--- Data for the task Enclosed Below ---

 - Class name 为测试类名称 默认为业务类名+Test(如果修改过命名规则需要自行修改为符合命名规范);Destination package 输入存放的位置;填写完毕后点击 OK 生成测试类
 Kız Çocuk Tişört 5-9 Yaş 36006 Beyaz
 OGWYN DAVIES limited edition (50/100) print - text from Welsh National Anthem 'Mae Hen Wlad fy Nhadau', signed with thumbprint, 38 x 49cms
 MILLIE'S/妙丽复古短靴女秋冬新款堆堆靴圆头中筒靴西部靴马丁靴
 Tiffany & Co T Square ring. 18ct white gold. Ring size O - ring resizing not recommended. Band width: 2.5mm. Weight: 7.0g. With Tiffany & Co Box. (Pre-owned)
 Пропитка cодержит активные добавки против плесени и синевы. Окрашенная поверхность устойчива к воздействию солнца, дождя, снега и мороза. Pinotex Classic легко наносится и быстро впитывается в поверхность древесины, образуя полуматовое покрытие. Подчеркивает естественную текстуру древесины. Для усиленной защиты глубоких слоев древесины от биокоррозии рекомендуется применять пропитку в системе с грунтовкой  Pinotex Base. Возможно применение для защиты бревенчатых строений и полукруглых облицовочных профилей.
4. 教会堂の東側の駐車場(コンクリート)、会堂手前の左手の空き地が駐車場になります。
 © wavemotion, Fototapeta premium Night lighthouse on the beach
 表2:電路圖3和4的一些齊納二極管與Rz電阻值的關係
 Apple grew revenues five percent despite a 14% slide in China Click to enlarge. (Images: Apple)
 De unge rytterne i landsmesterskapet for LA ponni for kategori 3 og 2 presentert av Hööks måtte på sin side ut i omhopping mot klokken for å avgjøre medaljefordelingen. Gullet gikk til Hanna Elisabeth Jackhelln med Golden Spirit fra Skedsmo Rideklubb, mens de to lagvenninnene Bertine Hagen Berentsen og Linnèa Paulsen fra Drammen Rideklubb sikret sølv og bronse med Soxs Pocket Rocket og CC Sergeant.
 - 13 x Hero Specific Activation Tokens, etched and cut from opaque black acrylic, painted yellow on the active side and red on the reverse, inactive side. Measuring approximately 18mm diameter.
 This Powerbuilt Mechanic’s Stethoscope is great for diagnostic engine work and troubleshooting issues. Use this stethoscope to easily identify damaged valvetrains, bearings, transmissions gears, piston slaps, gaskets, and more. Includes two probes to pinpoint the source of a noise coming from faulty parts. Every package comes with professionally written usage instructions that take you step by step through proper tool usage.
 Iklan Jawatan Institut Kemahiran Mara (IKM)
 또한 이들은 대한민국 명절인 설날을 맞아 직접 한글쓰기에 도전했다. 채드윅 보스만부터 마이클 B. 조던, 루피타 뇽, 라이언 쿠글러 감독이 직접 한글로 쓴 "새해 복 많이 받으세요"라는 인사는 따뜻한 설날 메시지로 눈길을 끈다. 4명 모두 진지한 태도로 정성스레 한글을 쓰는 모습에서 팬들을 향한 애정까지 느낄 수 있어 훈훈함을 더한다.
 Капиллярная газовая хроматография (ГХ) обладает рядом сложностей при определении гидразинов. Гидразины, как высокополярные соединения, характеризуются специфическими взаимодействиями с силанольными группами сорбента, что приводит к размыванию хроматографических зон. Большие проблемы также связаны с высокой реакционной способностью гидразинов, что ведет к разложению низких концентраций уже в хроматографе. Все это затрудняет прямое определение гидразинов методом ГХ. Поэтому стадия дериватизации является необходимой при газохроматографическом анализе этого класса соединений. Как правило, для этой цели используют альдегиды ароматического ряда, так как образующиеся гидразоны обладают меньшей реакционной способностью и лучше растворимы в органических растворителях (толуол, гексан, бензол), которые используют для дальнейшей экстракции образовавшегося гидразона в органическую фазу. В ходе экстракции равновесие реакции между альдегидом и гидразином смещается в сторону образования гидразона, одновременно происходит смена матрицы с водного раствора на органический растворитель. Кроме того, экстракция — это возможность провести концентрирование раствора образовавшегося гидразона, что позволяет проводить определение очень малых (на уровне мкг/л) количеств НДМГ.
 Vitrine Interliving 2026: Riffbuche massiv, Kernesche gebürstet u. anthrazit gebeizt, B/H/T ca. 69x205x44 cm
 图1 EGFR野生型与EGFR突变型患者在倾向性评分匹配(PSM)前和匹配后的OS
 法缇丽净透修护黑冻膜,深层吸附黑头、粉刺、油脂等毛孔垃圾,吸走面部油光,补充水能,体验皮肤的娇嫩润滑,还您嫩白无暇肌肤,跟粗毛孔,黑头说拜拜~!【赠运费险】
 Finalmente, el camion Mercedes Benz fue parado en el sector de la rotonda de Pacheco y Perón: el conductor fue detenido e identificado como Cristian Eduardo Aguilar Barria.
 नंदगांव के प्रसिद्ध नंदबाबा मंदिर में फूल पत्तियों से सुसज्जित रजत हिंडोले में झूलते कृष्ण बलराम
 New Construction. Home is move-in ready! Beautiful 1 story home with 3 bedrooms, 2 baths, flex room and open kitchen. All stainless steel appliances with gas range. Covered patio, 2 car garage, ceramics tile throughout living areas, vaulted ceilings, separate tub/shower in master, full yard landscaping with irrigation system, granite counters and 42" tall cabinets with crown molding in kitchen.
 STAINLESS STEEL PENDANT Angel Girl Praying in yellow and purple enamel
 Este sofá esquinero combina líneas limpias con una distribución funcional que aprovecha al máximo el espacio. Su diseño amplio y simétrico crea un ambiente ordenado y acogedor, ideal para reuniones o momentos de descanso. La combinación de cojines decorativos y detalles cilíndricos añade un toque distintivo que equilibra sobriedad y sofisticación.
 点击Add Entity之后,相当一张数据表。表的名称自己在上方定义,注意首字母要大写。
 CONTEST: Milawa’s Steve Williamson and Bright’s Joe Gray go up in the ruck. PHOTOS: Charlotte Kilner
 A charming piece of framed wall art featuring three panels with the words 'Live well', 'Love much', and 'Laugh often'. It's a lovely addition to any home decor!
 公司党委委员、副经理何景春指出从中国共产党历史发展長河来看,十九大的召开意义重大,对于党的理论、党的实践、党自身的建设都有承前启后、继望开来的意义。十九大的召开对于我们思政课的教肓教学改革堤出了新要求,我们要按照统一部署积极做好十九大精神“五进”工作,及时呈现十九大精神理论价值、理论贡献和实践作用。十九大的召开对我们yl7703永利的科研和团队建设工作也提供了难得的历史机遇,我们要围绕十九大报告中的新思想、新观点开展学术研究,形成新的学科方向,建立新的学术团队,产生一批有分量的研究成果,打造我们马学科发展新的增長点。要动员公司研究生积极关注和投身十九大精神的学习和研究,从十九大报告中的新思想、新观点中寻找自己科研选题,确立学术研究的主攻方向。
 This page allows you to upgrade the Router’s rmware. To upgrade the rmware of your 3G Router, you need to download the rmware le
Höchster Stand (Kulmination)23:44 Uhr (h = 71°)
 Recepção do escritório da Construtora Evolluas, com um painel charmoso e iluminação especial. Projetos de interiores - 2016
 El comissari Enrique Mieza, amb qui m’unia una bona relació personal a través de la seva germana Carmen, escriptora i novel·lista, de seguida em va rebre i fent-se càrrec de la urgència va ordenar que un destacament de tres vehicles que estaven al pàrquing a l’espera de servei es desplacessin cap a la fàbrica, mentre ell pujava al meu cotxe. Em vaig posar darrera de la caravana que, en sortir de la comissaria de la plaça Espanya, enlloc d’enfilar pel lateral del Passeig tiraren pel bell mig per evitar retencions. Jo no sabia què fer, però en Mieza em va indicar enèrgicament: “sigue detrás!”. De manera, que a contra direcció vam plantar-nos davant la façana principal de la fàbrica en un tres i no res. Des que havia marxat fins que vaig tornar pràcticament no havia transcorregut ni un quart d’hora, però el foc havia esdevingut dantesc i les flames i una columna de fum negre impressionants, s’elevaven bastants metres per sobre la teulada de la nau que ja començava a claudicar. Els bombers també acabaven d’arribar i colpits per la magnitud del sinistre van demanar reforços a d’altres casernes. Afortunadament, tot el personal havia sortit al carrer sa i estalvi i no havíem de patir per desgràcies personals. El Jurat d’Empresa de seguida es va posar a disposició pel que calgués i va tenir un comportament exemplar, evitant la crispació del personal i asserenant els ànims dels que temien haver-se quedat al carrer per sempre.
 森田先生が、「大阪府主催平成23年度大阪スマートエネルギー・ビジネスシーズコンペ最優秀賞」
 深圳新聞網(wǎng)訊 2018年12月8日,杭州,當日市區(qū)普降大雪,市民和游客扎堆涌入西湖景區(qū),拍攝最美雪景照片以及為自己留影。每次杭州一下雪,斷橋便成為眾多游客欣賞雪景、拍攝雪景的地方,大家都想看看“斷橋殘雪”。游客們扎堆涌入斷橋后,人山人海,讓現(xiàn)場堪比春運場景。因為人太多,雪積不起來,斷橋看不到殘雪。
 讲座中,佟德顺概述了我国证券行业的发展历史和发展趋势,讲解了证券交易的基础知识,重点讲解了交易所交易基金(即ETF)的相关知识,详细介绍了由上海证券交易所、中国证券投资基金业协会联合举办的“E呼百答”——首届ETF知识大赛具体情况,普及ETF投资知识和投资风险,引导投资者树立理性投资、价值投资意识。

--- End of Enclosed Data for the task ---

*Work instruction*
Up to and including the line with "De unge rytterne", write out the records above exactly, starting from their first line.

*Solution to this task*
 - Class name 为测试类名称 默认为业务类名+Test(如果修改过命名规则需要自行修改为符合命名规范);Destination package 输入存放的位置;填写完毕后点击 OK 生成测试类
 Kız Çocuk Tişört 5-9 Yaş 36006 Beyaz
 OGWYN DAVIES limited edition (50/100) print - text from Welsh National Anthem 'Mae Hen Wlad fy Nhadau', signed with thumbprint, 38 x 49cms
 MILLIE'S/妙丽复古短靴女秋冬新款堆堆靴圆头中筒靴西部靴马丁靴
 Tiffany & Co T Square ring. 18ct white gold. Ring size O - ring resizing not recommended. Band width: 2.5mm. Weight: 7.0g. With Tiffany & Co Box. (Pre-owned)
 Пропитка cодержит активные добавки против плесени и синевы. Окрашенная поверхность устойчива к воздействию солнца, дождя, снега и мороза. Pinotex Classic легко наносится и быстро впитывается в поверхность древесины, образуя полуматовое покрытие. Подчеркивает естественную текстуру древесины. Для усиленной защиты глубоких слоев древесины от биокоррозии рекомендуется применять пропитку в системе с грунтовкой  Pinotex Base. Возможно применение для защиты бревенчатых строений и полукруглых облицовочных профилей.
4. 教会堂の東側の駐車場(コンクリート)、会堂手前の左手の空き地が駐車場になります。
 © wavemotion, Fototapeta premium Night lighthouse on the beach
 表2:電路圖3和4的一些齊納二極管與Rz電阻值的關係
 Apple grew revenues five percent despite a 14% slide in China Click to enlarge. (Images: Apple)
 De unge rytterne i landsmesterskapet for LA ponni for kategori 3 og 2 presentert av Hööks måtte på sin side ut i omhopping mot klokken for å avgjøre medaljefordelingen. Gullet gikk til Hanna Elisabeth Jackhelln med Golden Spirit fra Skedsmo Rideklubb, mens de to lagvenninnene Bertine Hagen Berentsen og Linnèa Paulsen fra Drammen Rideklubb sikret sølv og bronse med Soxs Pocket Rocket og CC Sergeant.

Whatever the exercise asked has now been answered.